First save a file called deals witout the .php extension. Modern editors will look for the <?php tag at the first and will color it right. Normally you take input to your PHP scripts with the $_SERVER["QUERY_STRING"] or the $_GET variables. But, in this case, those are not filled by the URL above. They will still be filled if there is a query string, but the path part is not included.  We need to use $_SERVER["PATH_INFO"]. In the case above, $_SERVER["PATH_INFO"] will be filled with /Cubicle-Warfare/186443.html. So, you will have to parse the data yourself. In my case, all I need is the numeric ID toward the end.

$id = (int)basename($_SERVER["PATH_INFO"]);

Now I have an id that I can use to query a database or whatever to get my content.

Avoid "duplicate content"

The bad part of my use case is that any URL that starts with /deals/ and ends in 186443.html will work. So, now we have duplicate content on our site. You may have a more exact URL pattern and not have this issue.  But, to work around this in my case, we should verify that the $_SERVER["PATH_INFO"] is the proper data for the content requested. This code will vary depending on your URLs. In my code, I generate the URL for the content and see if it matches. Kind of a reverse lookup on the URI.  If it does not match, I issue a 301 redirect to the proper location.

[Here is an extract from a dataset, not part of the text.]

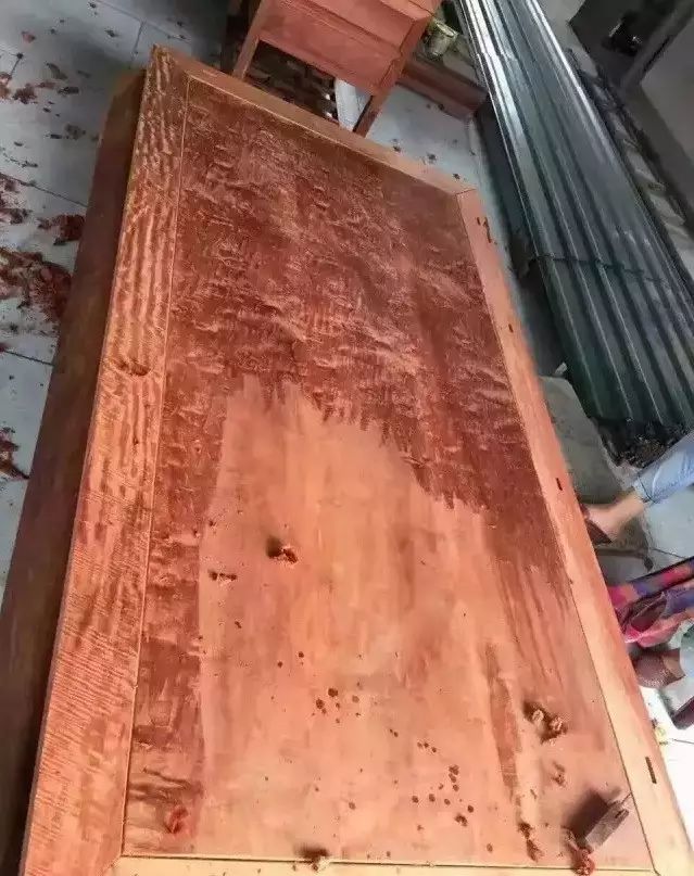 以上各种作假手段,看似粗劣,但是一旦做成品经过整体上色,画色,画纹理,最后喷上一层厚厚的油漆后,即便是行家都很难辨认得出来。一样光彩夺目,冠冕堂皇地进入大卖场卖得高价。这些作假手段特别用在贵重木材身上,比如大红酸枝。低档的木材一般不用这种手段,因为就是这些拼补也要耗费不少人工成本了。比如大众情人缅花这种木材,一般不会用这些作假手段了。而是另一种,相似木材冒充,相近木材高仿。以几千一吨的杂料、相似料,冒充几万一吨的真正缅花。同样令人触目惊心。待另文介绍。

header("HTTP/1.1 301 Moved Permanently");
header("Location: $new_url");
exit();


Returning 404

Now, you have to be careful to always return meaningful data when using this technique. Search engines won't like you if you return status 200 for every possible random URL that falls under /deals. I know that Yahoo! will put random things on your URLs to see if you are doing the right thing. So, if you get your id and decide this is not a valid URL, you can return a 404.  In my case, I have a 404 file in my document root.  So, I just send the proper headers and include my regular 404 page.

header('HTTP/1.1 404 Not Found');
header('Status: 404 Not Found');
include $_SERVER["DOCUMENT_ROOT"]."/404.html";
exit();